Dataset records
___
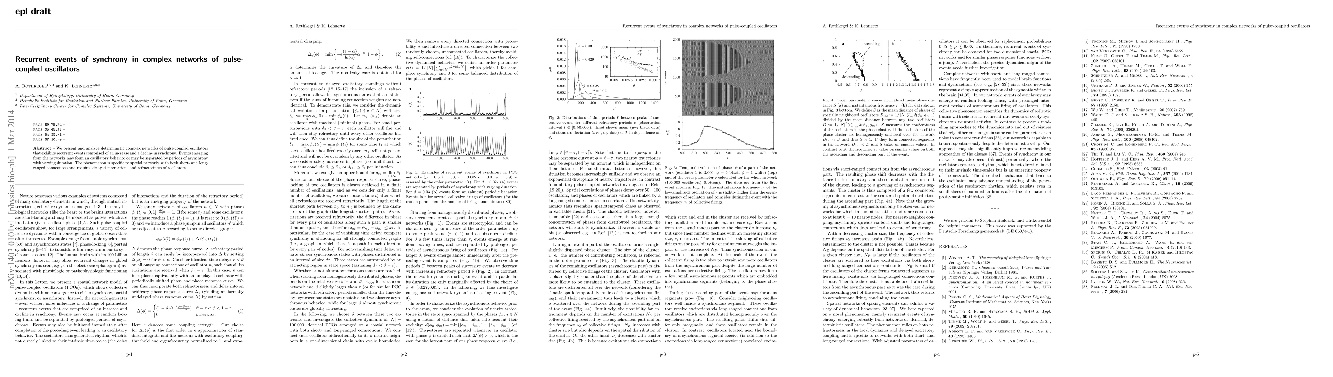 We present and analyze deterministic complex networks of pulse-coupled oscillators that exhibits recurrent events comprised of an increase and a decline in synchrony. Events emerging from the networks may form an oscillatory behavior or may be separated by periods of asynchrony with varying duration. The phenomenon is specific to spatial networks with both short- and long-ranged connections and requires delayed interactions and refractoriness of oscillators.
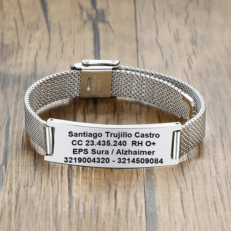 Una manilla elegante, resistente y funcional para llevar tu información esencial siempre contigo. Fabricada en acero inoxidable con diseño tipo malla y acabado premium, cuenta con broche de seguridad ajustable para un ajuste cómodo y firme durante todo el día.
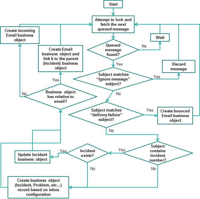 The following flowcharts shows how incoming emails are processed by the email listener:
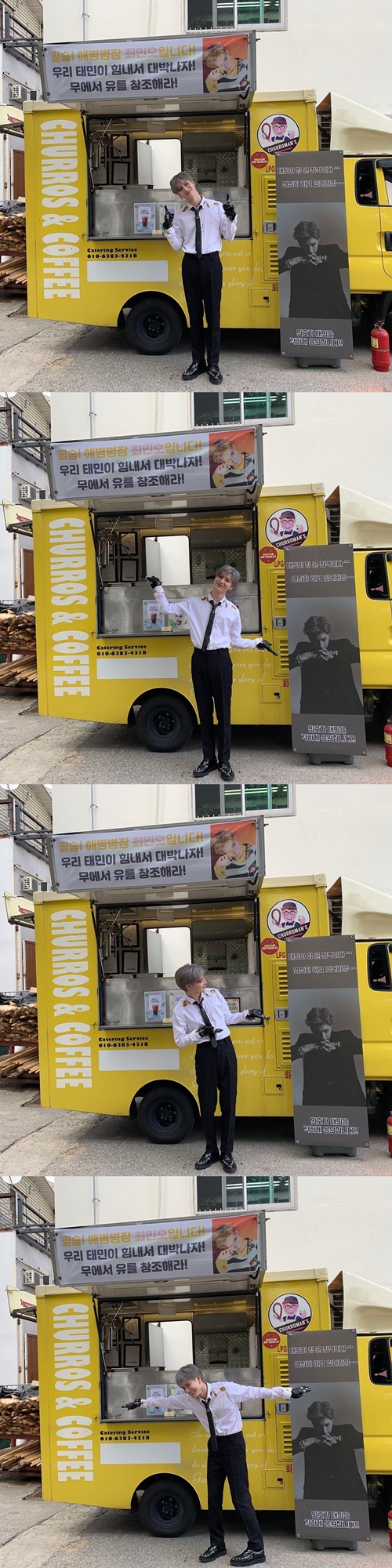 テミンに贈られたキッチンカーには、「必勝! 海兵長チェ・ミンホです! われらのテミン、頑張って大ヒットしよう! 無から有を創造するんだ!」と綴られている。
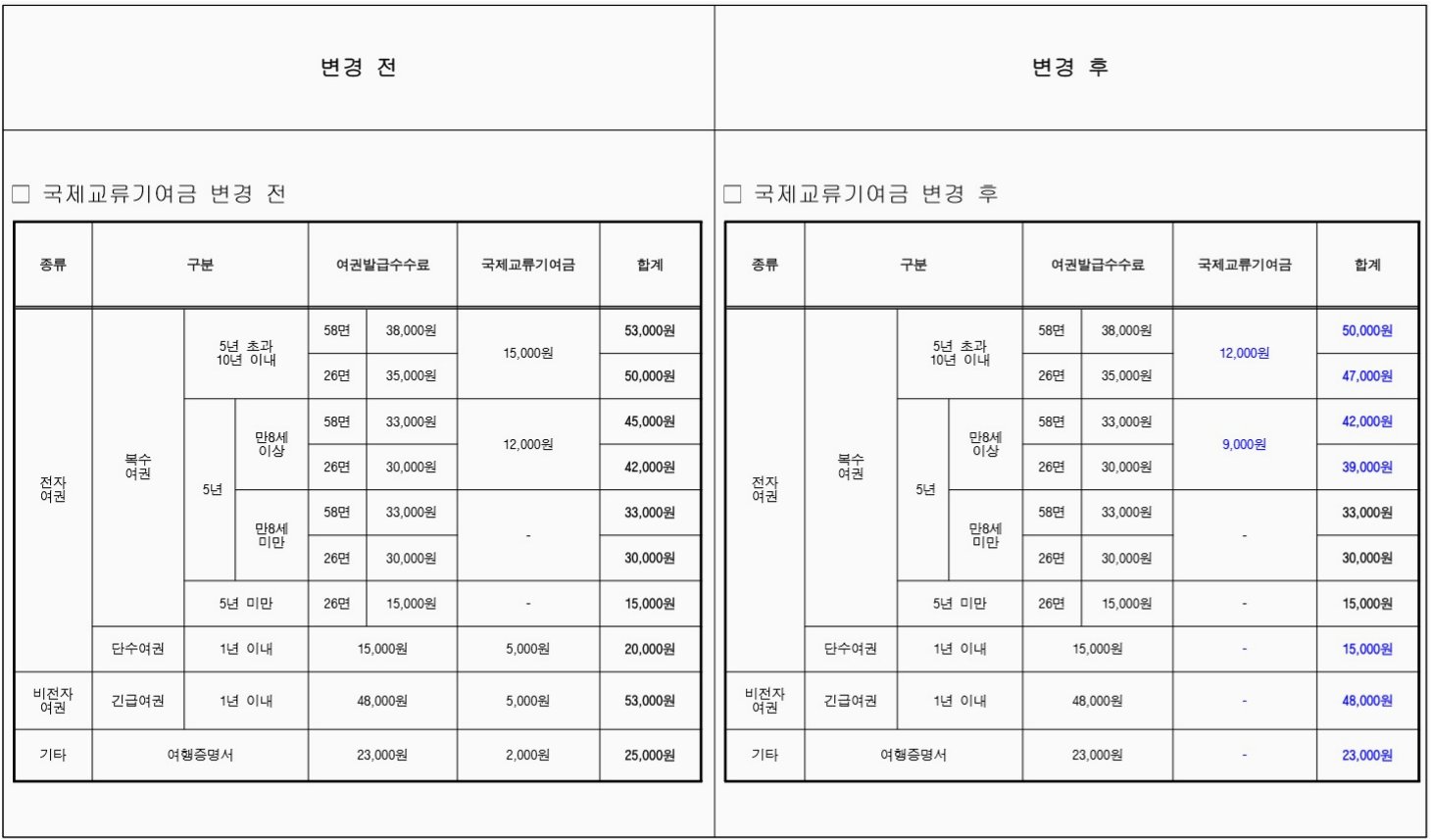 인상되는 여권 발급 수수료 상세 안내
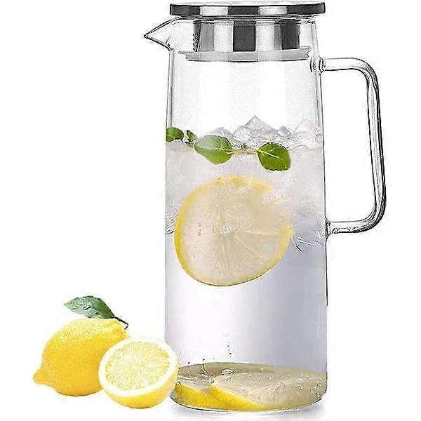 Borosilicate Glass Water Jug Juice Jug Carafe with Lid Brush for Hot/Cold Water Iced Tea 1000ml
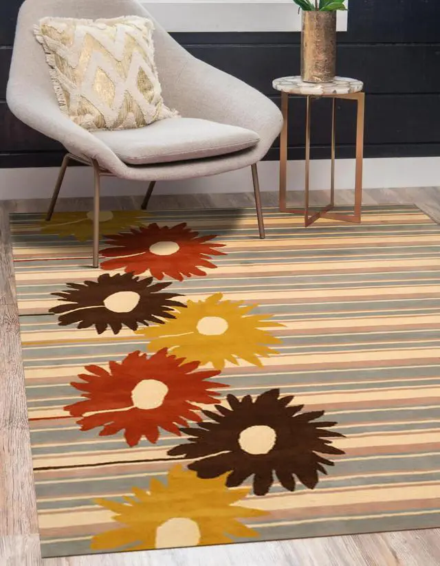 Hand-Tufted Wool Blue Transitional Floral Niki Rug. Hand tufted quality. 100% wool pile. Elegant style Ideal for decorating. This rug will last you for many years to come under everyday usage and foot traffic. Wool is a stain resistance material by it's nature and is very easy to clean.. Tufted rugs are popular for their durability softness and affordability. They are easy to clean and maintain making them a practical choice for high-traffic areas such as living rooms hallways and bedrooms. Additionally tufted rugs can be found in various sizes and shapes including rectangular round and square making them versatile and adaptable to any space..
___
Every record, from top to bottom, gets written out exactly; no picture goes into the copy.

 We present and analyze deterministic complex networks of pulse-coupled oscillators that exhibits recurrent events comprised of an increase and a decline in synchrony. Events emerging from the networks may form an oscillatory behavior or may be separated by periods of asynchrony with varying duration. The phenomenon is specific to spatial networks with both short- and long-ranged connections and requires delayed interactions and refractoriness of oscillators.
 Una manilla elegante, resistente y funcional para llevar tu información esencial siempre contigo. Fabricada en acero inoxidable con diseño tipo malla y acabado premium, cuenta con broche de seguridad ajustable para un ajuste cómodo y firme durante todo el día.
 The following flowcharts shows how incoming emails are processed by the email listener:
 テミンに贈られたキッチンカーには、「必勝! 海兵長チェ・ミンホです! われらのテミン、頑張って大ヒットしよう! 無から有を創造するんだ!」と綴られている。
 인상되는 여권 발급 수수료 상세 안내
 Borosilicate Glass Water Jug Juice Jug Carafe with Lid Brush for Hot/Cold Water Iced Tea 1000ml
 Hand-Tufted Wool Blue Transitional Floral Niki Rug. Hand tufted quality. 100% wool pile. Elegant style Ideal for decorating. This rug will last you for many years to come under everyday usage and foot traffic. Wool is a stain resistance material by it's nature and is very easy to clean.. Tufted rugs are popular for their durability softness and affordability. They are easy to clean and maintain making them a practical choice for high-traffic areas such as living rooms hallways and bedrooms. Additionally tufted rugs can be found in various sizes and shapes including rectangular round and square making them versatile and adaptable to any space..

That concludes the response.